4. The necessary customizations for Client Certificate Authentication are:
   

   Client Certificate	This value must be set to request
   Trusted Certificate Authorities	Set to UMS-ESTCA-Certificate
   Advertised Certificate Authorities	Can be set to UMS-ESTCA-Certificate

   
   
   

SSL Server Profile

The SSL Server Profile is used to set the SSL configuration for all requests to the Backend Servers (UMS).

1. Create a new SSL Server Profile.
   
   
2. Set the Chain value to UMS Web Certificate Chain.
   
   
3. Set the TLSv 1.3 configuration the same as for the SSL Client Profile above.
   

Virtual Server Configuration

The Virtual Server defines the Listener in F5 BIG-IP.

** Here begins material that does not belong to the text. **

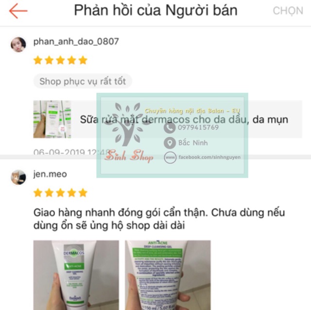 Có những khách yêu chẳng hề thân quen, nhưng lại giúp và ủng hộ nhà bin rất nhiều, có b dùng sữa rửa mặt dermacos nhà bin ưng quá giới thiệu cho các chị công ty mua cùng luôn, dùng mà ai cũng mê tít chứ 😂😂. Đọc được những #feeddback_dermacos đó e lại có thêm động lực để phục vụ các tình yêu hơn ấy😍😍. #feeddback_sữa_rửa_mặt_dermacos_cho_da_dầu_mụn_balan ☘Sửa Rửa Mặt Giảm Nhờn Da DERMACOS Dermacos Anti Acne Deep Cleansing Gel Farmona 150ml ☘Công dụng: 🍓Ngăn ngừa sự hình thành của mụn đầu đen, mụn trứng cá mụn ẩn. 🍓Nhẹ nhàng làm sạch nhưng hiệu quả loại bỏ bã nhờn dư thừa kể cả trang điểm. 🍓Không gây hai cho da. giúp se khít lỗ chân lông. ☘Khuyên dùng: Sữa rửa mặt Dermacos cho da dầu, da tăng tiết bã nhờn. Dành cho cả nam/nữ. #sữarửamặtdermacos #farmona #dermacos #farmonadermacos #sữarửamặt #dadaumun #sữa_rửa_mặt_dermacos #dadầu #dabóngnhờn #sekhítlỗchânlông #lỗchânlôngto 0979415769

1. Set the following values:

   Type	Standard
   Source Address	From which IP are requests allowed. Set it to * if this shouldn’t be evaluated
   Destination Address	The Address under which this Virtual Server is reachable
   Service Port	Select the UMS Port

   
   

   Protocol	TCP
   HTTP Profile	http, required to evaluate the HTTP Header
   SSL Profile (Client)	Add the earlier created Client SSL Profile
   SSL Profile (Server)	Add the earlier created Server SSL Profile
   Source Address Translation	Set it to Auto Map

   
   
   
   
   
   

2. Add the Pool and iRule to the Virtual Server.